**What to produce:**
From the records below, please print only the lines from the one containing "Firefighters worked fast" through the one containing "現場Plusの画面から直接A", both included. Skip the pictures.

**Entries shown:**

···

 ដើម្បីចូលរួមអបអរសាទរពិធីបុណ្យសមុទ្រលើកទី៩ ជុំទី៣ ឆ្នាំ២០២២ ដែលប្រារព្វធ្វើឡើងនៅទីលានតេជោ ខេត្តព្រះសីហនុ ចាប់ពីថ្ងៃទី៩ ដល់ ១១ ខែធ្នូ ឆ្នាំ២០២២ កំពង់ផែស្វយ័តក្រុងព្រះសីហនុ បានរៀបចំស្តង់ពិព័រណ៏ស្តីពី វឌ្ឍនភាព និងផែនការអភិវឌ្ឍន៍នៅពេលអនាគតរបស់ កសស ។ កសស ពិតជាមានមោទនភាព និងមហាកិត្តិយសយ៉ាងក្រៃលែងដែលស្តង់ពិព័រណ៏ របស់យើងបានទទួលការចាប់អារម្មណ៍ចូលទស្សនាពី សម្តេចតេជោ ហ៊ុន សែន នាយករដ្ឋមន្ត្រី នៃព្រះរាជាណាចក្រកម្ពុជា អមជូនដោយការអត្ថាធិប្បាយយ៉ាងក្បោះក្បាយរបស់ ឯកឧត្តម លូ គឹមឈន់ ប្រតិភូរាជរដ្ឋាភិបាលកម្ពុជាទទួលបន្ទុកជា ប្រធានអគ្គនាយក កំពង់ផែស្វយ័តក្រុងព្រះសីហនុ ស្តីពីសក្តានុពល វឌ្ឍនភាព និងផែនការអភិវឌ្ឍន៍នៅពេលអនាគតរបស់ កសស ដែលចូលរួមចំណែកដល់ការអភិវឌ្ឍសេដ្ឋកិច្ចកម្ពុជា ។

···

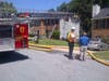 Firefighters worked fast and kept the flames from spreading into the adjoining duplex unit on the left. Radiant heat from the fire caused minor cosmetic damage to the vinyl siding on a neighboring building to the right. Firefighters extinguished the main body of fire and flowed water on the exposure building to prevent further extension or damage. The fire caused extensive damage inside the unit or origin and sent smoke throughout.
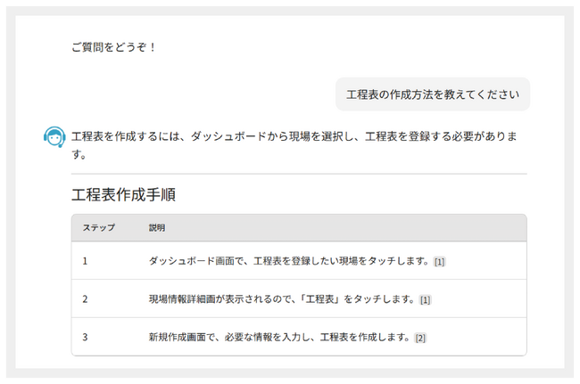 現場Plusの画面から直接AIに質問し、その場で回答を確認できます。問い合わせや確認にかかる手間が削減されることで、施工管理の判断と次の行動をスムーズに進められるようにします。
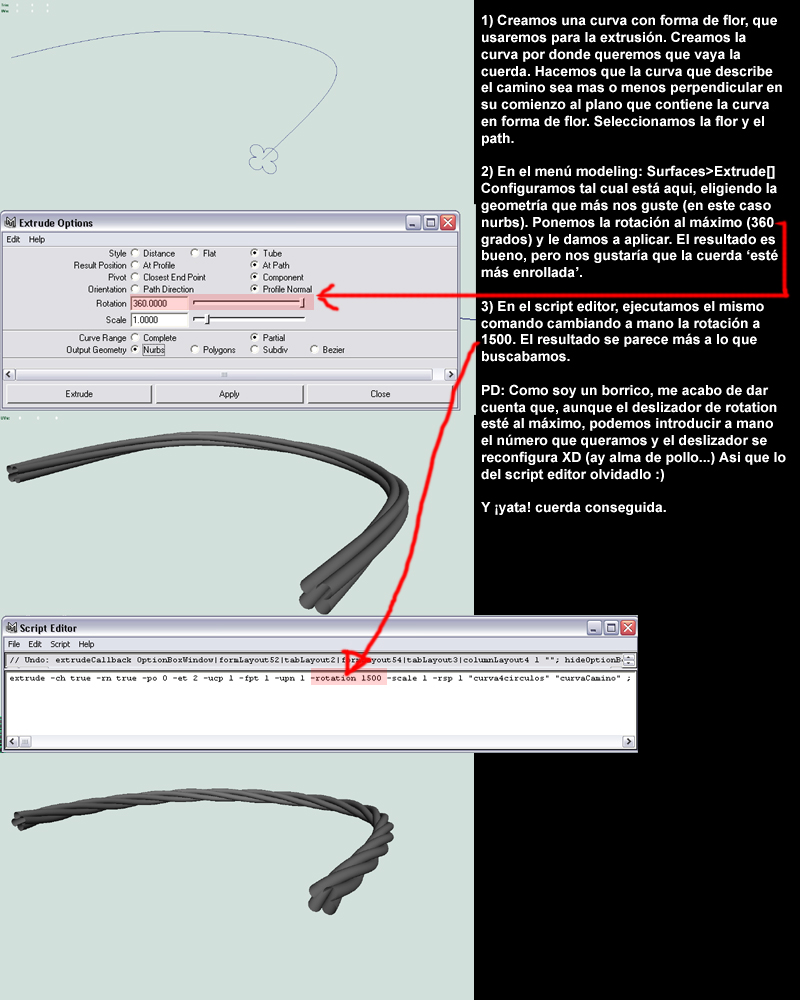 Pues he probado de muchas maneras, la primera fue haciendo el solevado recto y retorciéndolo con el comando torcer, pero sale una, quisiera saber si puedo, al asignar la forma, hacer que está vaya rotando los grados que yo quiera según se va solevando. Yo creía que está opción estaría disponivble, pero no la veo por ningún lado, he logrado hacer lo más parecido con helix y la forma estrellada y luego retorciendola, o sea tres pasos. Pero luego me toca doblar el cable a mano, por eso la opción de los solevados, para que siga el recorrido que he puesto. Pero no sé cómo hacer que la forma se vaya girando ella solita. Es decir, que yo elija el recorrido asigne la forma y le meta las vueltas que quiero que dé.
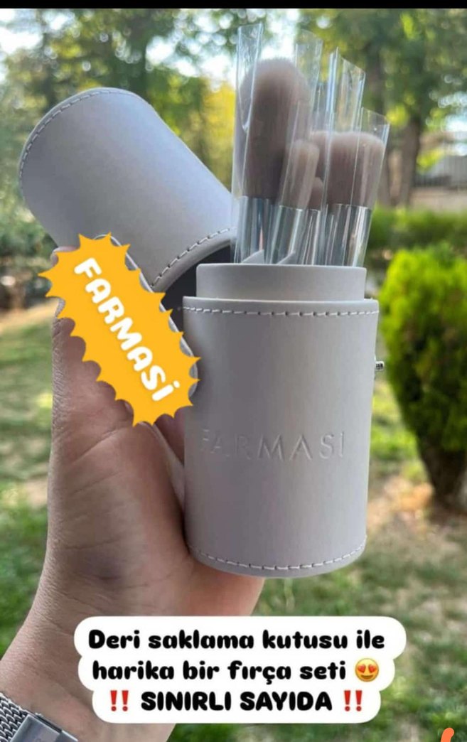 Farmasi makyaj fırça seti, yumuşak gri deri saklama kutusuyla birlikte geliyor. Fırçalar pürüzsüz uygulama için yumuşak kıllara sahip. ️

···

**Solution:**
 Firefighters worked fast and kept the flames from spreading into the adjoining duplex unit on the left. Radiant heat from the fire caused minor cosmetic damage to the vinyl siding on a neighboring building to the right. Firefighters extinguished the main body of fire and flowed water on the exposure building to prevent further extension or damage. The fire caused extensive damage inside the unit or origin and sent smoke throughout.
 現場Plusの画面から直接AIに質問し、その場で回答を確認できます。問い合わせや確認にかかる手間が削減されることで、施工管理の判断と次の行動をスムーズに進められるようにします。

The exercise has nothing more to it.